A Love Story is the debut studio album by American singer Vivian Green. It was released by Columbia Records on November 12, 2002 in the United States. Green worked with a variety of producers on the album, including Anthony Bell, Junius Bervine, Durrell Bottoms, Jamar Jones, Fred Kenney, Osunlade, and Thaddeus Tribbett II. The album debuted at 93 on the US Billboard 200 in December 2002 and later peaked at number 51, also reaching number 13 on the Top R&B/Hip-Hop Albums. It was eventually certified gold by the Recording Industry Association of America.

Received to mixed reviews from music critics, A Love Story garnered Green three Lady of Soul Awards nominations for Best Solo R&B/Soul Single ("Emotional Rollercoaster"), Best Solo R&B/Soul Album of the Year, and Best Solo R&B/Solo or Rap New Artist, also earning a BET Award nomination for Best R&B Female Artist: 
The album spawned three singles including the US Billboard Hot 100 top 40 hit "Emotional Rollercoaster"; the Fred Kenney-produced "Fanatic" and the Osunlade-produced "What Is Love?". 

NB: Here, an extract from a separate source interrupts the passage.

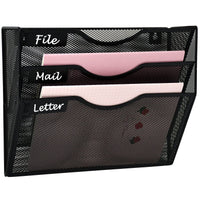 Gdindinfan 3 Pockets Mesh Hanging Wall File Holder Organizer Wall Mounted Paper Magazine Rack, Black
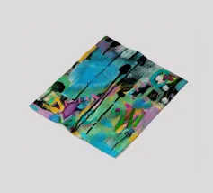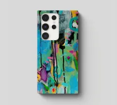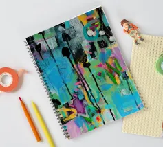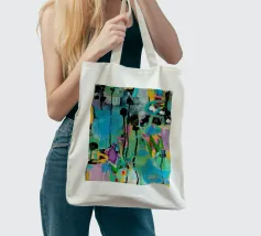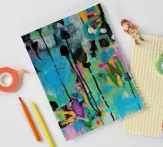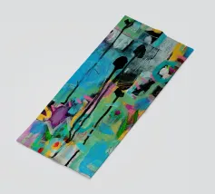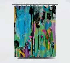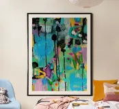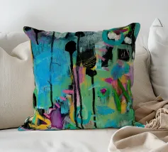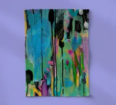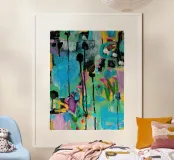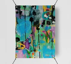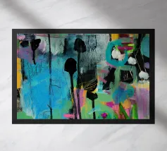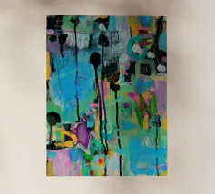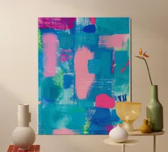 Vibrante dipinto astratto con un mix dinamico di audaci pennellate nere, blu tenue e rosa energico su una tela strutturata. L'opera presenta una complessa stratificazione di colori, tra cui spruzzi di giallo e accenni di verde, creando una composizione visivamente ricca e accattivante. L'uso di colori contrastanti e di diverse tecniche di pennello aggiunge profondità e intensità all'opera, rendendola ideale per gli interni moderni che cercano un tocco di espressionismo astratto.

In 2020, during an interview about her seventh album Love Absolute, Green revealed A Love Story was her least favorite album - despite being well received by her fans.

Critical reception

Jack Smith from BBC Music called the album "a stunning and sublime debut." He wrote that A Love Story "is an inspired blend of seductive neo-soul coupled with a vocal maturity and emotional range of a young woman who's seen lifes up-and-downs." Allmusic editor William Ruhlmann wrote that "a group of producers provide familiar instrumental beds to support those sentiments, nothing that hasn't been heard before [...] Maybe consumers are ready to accept yet another singer in this style, but even so, on her debut album, Green is far from the most compelling of the group." Billboard declared the album a "properly titled" set on which "at times, Green attempts to do too much."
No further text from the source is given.